Assignment
Only the lines of the data below from the one with "JCB 950 rough" through the one with "春节期间,湖北黄石国家矿山公" are wanted. Repeat them exactly.

Data for analysis
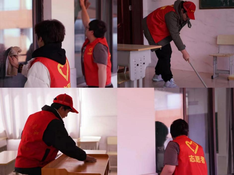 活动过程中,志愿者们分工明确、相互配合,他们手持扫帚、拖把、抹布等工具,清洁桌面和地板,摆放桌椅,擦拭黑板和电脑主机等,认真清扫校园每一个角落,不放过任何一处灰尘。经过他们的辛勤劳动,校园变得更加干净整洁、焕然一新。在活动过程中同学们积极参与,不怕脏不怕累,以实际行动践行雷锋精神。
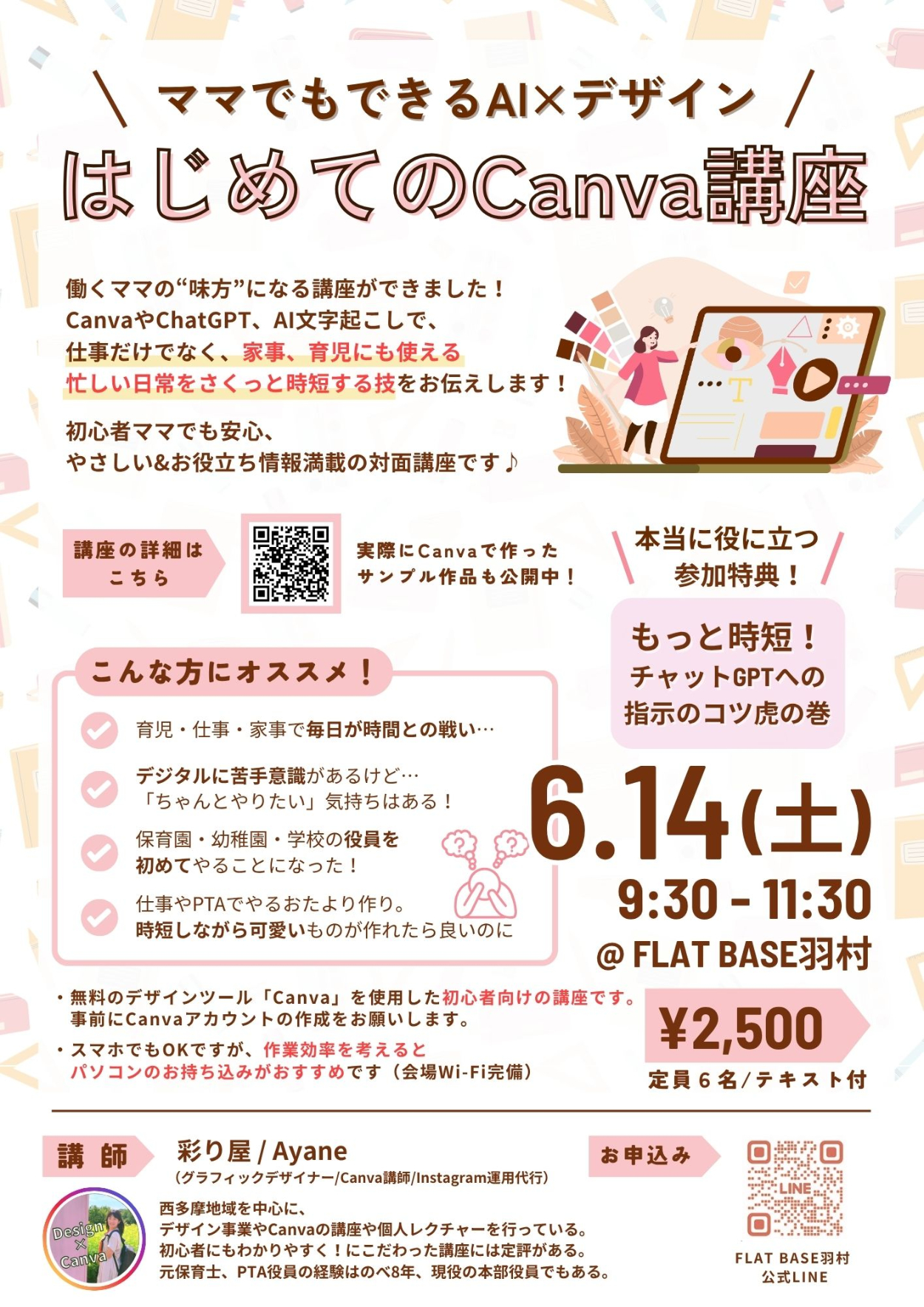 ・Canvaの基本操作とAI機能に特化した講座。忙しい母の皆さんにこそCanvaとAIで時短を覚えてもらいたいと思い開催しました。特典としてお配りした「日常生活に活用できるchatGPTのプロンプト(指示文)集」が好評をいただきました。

==

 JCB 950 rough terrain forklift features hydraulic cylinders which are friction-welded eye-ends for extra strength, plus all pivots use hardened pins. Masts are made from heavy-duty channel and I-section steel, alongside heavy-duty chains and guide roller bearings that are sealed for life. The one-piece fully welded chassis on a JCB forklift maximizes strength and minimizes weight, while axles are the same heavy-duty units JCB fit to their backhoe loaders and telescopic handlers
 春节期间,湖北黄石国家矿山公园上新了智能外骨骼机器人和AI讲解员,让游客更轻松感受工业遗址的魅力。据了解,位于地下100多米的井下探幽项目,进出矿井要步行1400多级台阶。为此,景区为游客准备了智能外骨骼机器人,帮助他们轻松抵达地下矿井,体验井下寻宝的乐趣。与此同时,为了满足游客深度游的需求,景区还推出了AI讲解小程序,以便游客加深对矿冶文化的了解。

Expected answer
 JCB 950 rough terrain forklift features hydraulic cylinders which are friction-welded eye-ends for extra strength, plus all pivots use hardened pins. Masts are made from heavy-duty channel and I-section steel, alongside heavy-duty chains and guide roller bearings that are sealed for life. The one-piece fully welded chassis on a JCB forklift maximizes strength and minimizes weight, while axles are the same heavy-duty units JCB fit to their backhoe loaders and telescopic handlers
 春节期间,湖北黄石国家矿山公园上新了智能外骨骼机器人和AI讲解员,让游客更轻松感受工业遗址的魅力。据了解,位于地下100多米的井下探幽项目,进出矿井要步行1400多级台阶。为此,景区为游客准备了智能外骨骼机器人,帮助他们轻松抵达地下矿井,体验井下寻宝的乐趣。与此同时,为了满足游客深度游的需求,景区还推出了AI讲解小程序,以便游客加深对矿冶文化的了解。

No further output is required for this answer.